A Five-Cent Synthesis
thoughts on keeping an on-line journal
Moses Herzog's* desperate search for clarity, justification, sanity, drives him to keep something like a web log in the days before the web existed. He is driven compulsively to scribble fragments of thoughts he suspects are themselves only symptoms of his disintegration.
Lying on the sofa of the kitchenette apartment he has rented on 17th Street, he sometines imagined he was an industry manufacturing personal history, and saw himself from birth to death. He conceded on a piece of paper,
I cannot justify.
I've always thought Herzog's search for sanity is crystalised in his "pursuit of a grand synthesis". Bellow engages a well-known quip from an otherwise obscure American Vice-President, Thomas Riley Marshall (from my home state of Indiana), who said, in 1917, "What this country needs is a good five-cent cigar." Herzog muses, What this country needs is a good five-cent synthesis (p. 207).

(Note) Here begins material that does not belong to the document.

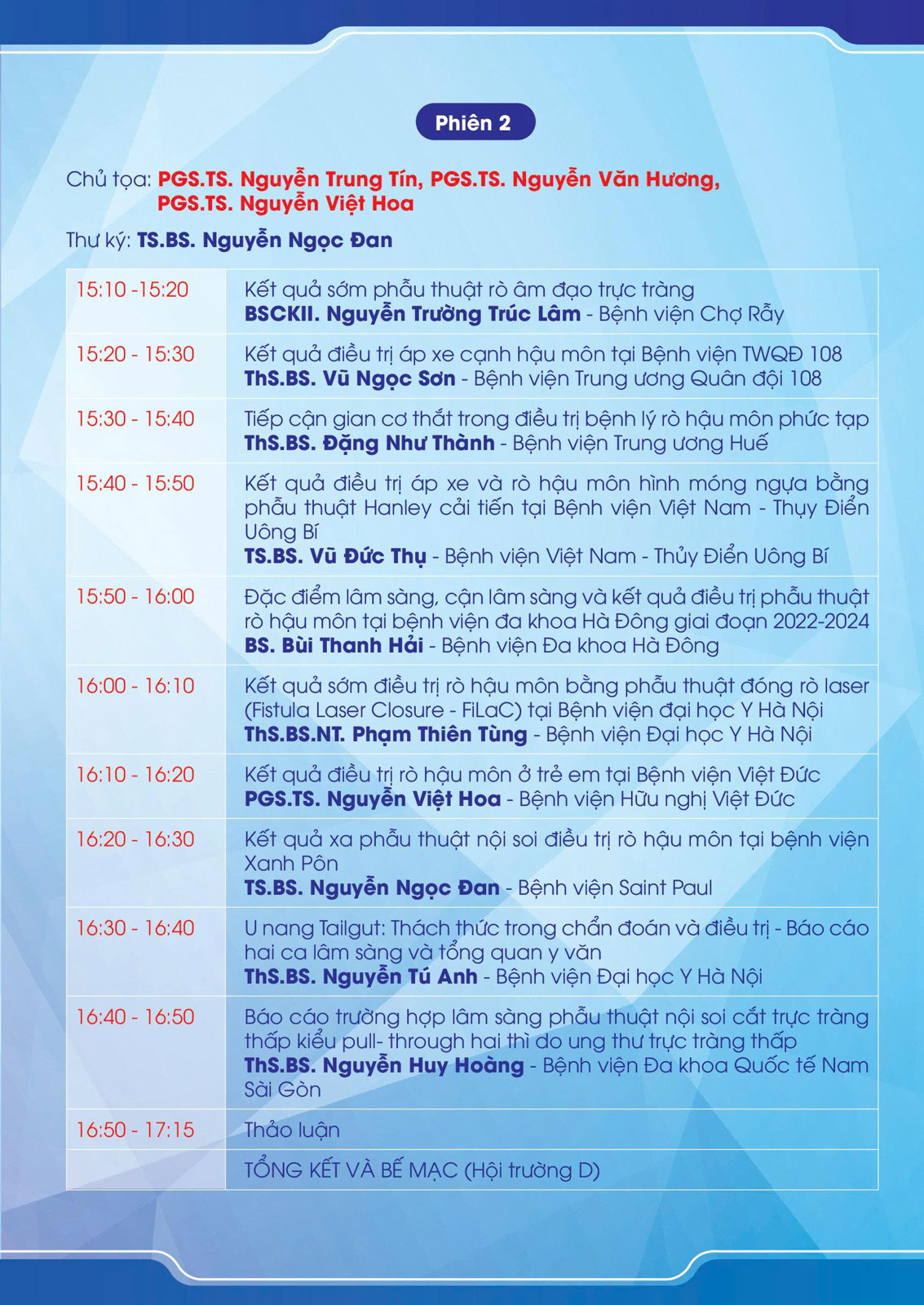 Hội Hậu môn – Trực tràng Việt Nam mong rằng những thành quả từ Hội nghị lần này sẽ là nền tảng để chúng ta tiếp tục hợp tác, học hỏi, và phát triển hơn nữa, vì sức khỏe người bệnh và sự tiến bộ của chuyên ngành.

Read Hegel and Marx. The dream is for a resolution of interminable conflict. But of course Herzog is aware that "it's the hysterical individual who allows his life to be polarized
by simple extreme antitheses like strength-weakness, potency-impotency, health-sickness. He feels challenged but unable to struggle. . . A man bursting with unrecognized needs, deep desires for finding resolutions, imperatives, desires for activity, for brotherhood, desperate with longing for reality, for God, could not wait but threw himself wildly upon anything resembling a hope. (p. 208)

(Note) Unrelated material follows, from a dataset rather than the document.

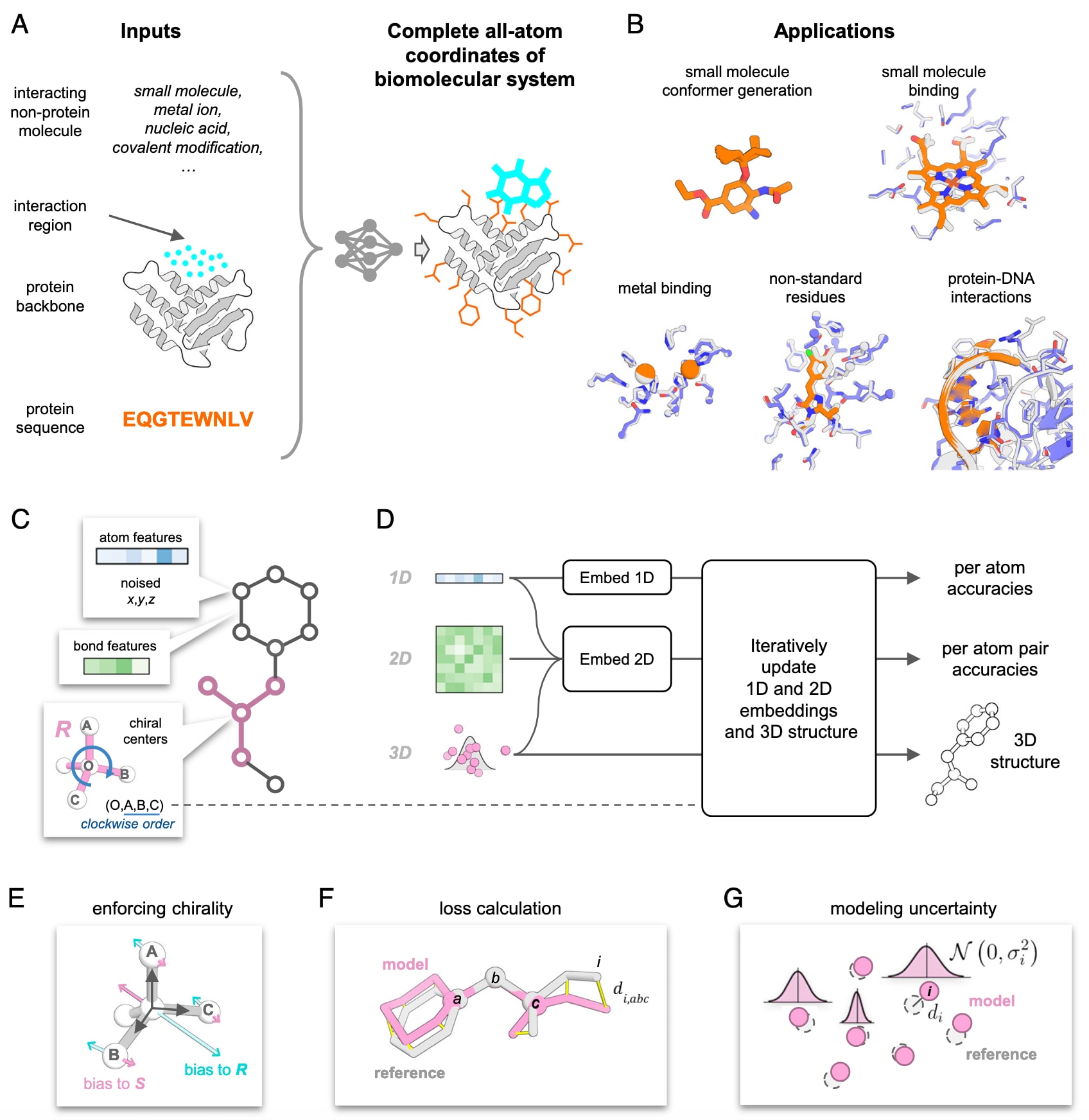 蛋白与核酸、小分子有机与无机化合物以及金属之间的相互作用对生命功能至关重要,但要在全原子尺度上准确建模这些相互作用及其构象异质性仍然十分困难。基于深度学习的小分子对接方法如DiffDock相较Glide与GNINA/SMINA有所提升,但在高精度任务上差异并不显著,并且在遇到未见过的受体时性能明显下降。同时,也有研究利用化学结构生成小分子的三维构象;在以半经验量子化学方法计算的GEOM-DRUGS训练集上,扩散生成模型展现出领先性能。然而,此类方法通常仅适用于特定类型的相互作用伙伴,输入特征也因分子类型不同而变化,限制了模型抽取通用物理化学规律的能力。

Herzog has spent his hours writing letters "to everyone under the sun" and scribbling fragments of off-the-cuff proverbs, in a process that makes the act of writing seem less the construction of meaning than a recording of pain, a symptom of frustration and desperation in the face of meaninglessness. In the brutal, post-humanist absurdity of the world after Auschwitz, Herzog's anxious journeys lead nowhere. The prospect of hope itself is just as absurd as the prospect of a five-cent cigar in the political imagination of a Thomas Riley Marshall. At the end of the novel, the search for a grand synthesis is transcended along with language and writing itself. Achieving a kind of equilibrium if not actual authenticity, Herzog has "no message for anyone. Nothing. Not a single word."